MMR’s slime body characterizations and locomotion tests. (A) G′ and G″ for raw gluten, modified gluten, and magnetic modified gluten; G′ and G″ for magnetic putty, magnetic cornstarch, and magnetic modified gluten. (B) Robot terrestrial LINEAR locomotion image (5–9, fin rowing backward; 1–5, fin rowing forward; 1–9, one stride length; B∼45.9 mT). (C) Robot turning right process on terrestrial locomotion (B∼57.3 mT). MMR, magnetic mudskipper robot.
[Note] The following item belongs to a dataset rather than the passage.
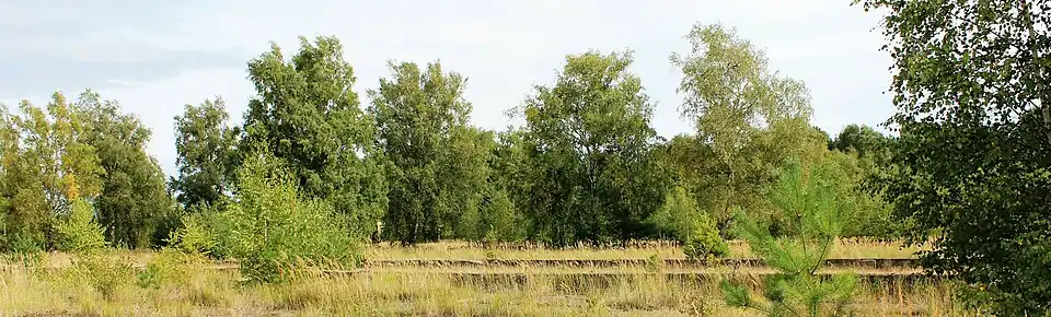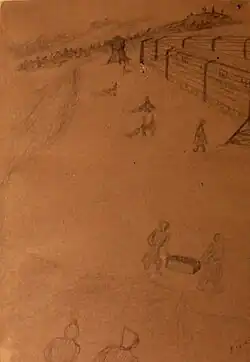 Für die Aufsicht der Siemenskolonne war anfangs (bis Oktober 1942) die SS-Aufseherin Hertha Ehlert zuständig, die gutmütig war, selten Häftlinge meldete und die ständig hungrigen Häftlinge unauffällig mit Lebensmitteln beschenkte. Daher wurde sie gegen eine strengere Aufseherin ausgetauscht und strafversetzt.[25] Der Weg vom KZ Ravensbrück führte am Schweinestall und an der Gärtnerei vorbei über die Schienen zum Siemenslager. Am Weg lagen später das außerhalb der Lagermauern (1944) errichtete Krematorium und die provisorische Gaskammer des KZ. Die SS-Aufseherinnen waren keine Mitglieder der SS. Sie galten als Angehörige des „SS-Gefolges“, unterstanden jedoch der SS-Gerichtsbarkeit. Das Frauenkonzentrationslager Ravensbrück diente für neue SS-Aufseherinnen ab Anfang 1942 als zentrales Ausbildungslager, die später in andere KZ oder Außenlager versetzt wurden.

Terrestrial locomotion for MMR

The MMR was tested in a laboratory-created damp terrestrial substrate (acrylic plane spread with a layer of water) first. The results demonstrated that the robot’s linear motion can be controlled though an external rotating magnetic field, generated by a singular rotating permanent magnet. The interactions between driven parts in the fin and external magnetic field induce the rowing motion of the artificial pectoral fin. During one magnetic field rotation cycle, the artificial pectoral fin performed the rowing cycle, as shown in Figure 1C (Fig. 2B and Supplementary Table S2). When the driven parts were attracted by an external magnetic field, the fin contracted forward, creating a propulsion tendency for the robot. During half of the rotation cycle, the fin underwent backward rowing motion, transitioning from being fixed at a rowing center to completing one stride movement (Fig. 2B, 6–9). Subsequently, as the external magnetic field repelled the driven components in the subsequent half of the driving magnet’s rotation cycle, the fin pivoted backward while being rowed forward and adjusted the orientation of the fin tips to locate the next rowing center (Fig. 2B, 1–5). Notably, this adjustment occurred in situ, as the fin tips remain detached from the substrate. Through continuous alternation between these two states, the MMR was propelled forward. Directional turning occurred when magnetic field asymmetry influenced both sides of the fin. One side of the fin cycled through these two states more rapidly, while the slime body was subjected to changes in locomotion direction induced by variations in the external magnetic field, causing it to bend (Fig. 2C, Supplementary Video SV2, and Supplementary Table S2). Through varying the diameter of the artificial pectoral fin unit, the stride length can be alternated. The mechanism for calculating ideal MMR locomotion stride length is illustrated in Figure 3A and Supplementary Video SV3. The initial status is defined as the rowing center where the artificial pectoral fin is located (Fig. 2B, 6). Through half of the rotating magnetic field actuation, the fin comes into contact with the substrate and advances the MMR body forward. Hence, the ideal stride length can be defined as the diameter of the artificial pectoral fin unit. The ideal locomotion displacement S can be calculated by the following equation: $S = n * D_{0}$

FIG. 3.

MMR’s amphibious locomotion stride length experiments. (A). Locomotion model for calculating one stride length (B). MMR stride length relationship and hysteresis magnetic response study series (tested parameters: [a] MMR fin unit diameter, [b] MMR body friction, [c] external magnet rotation speed, [d] mass od MMR slime body, [e] mass percentage of iron particles of MMR, [f-] locomotion substrate and external magnetic field).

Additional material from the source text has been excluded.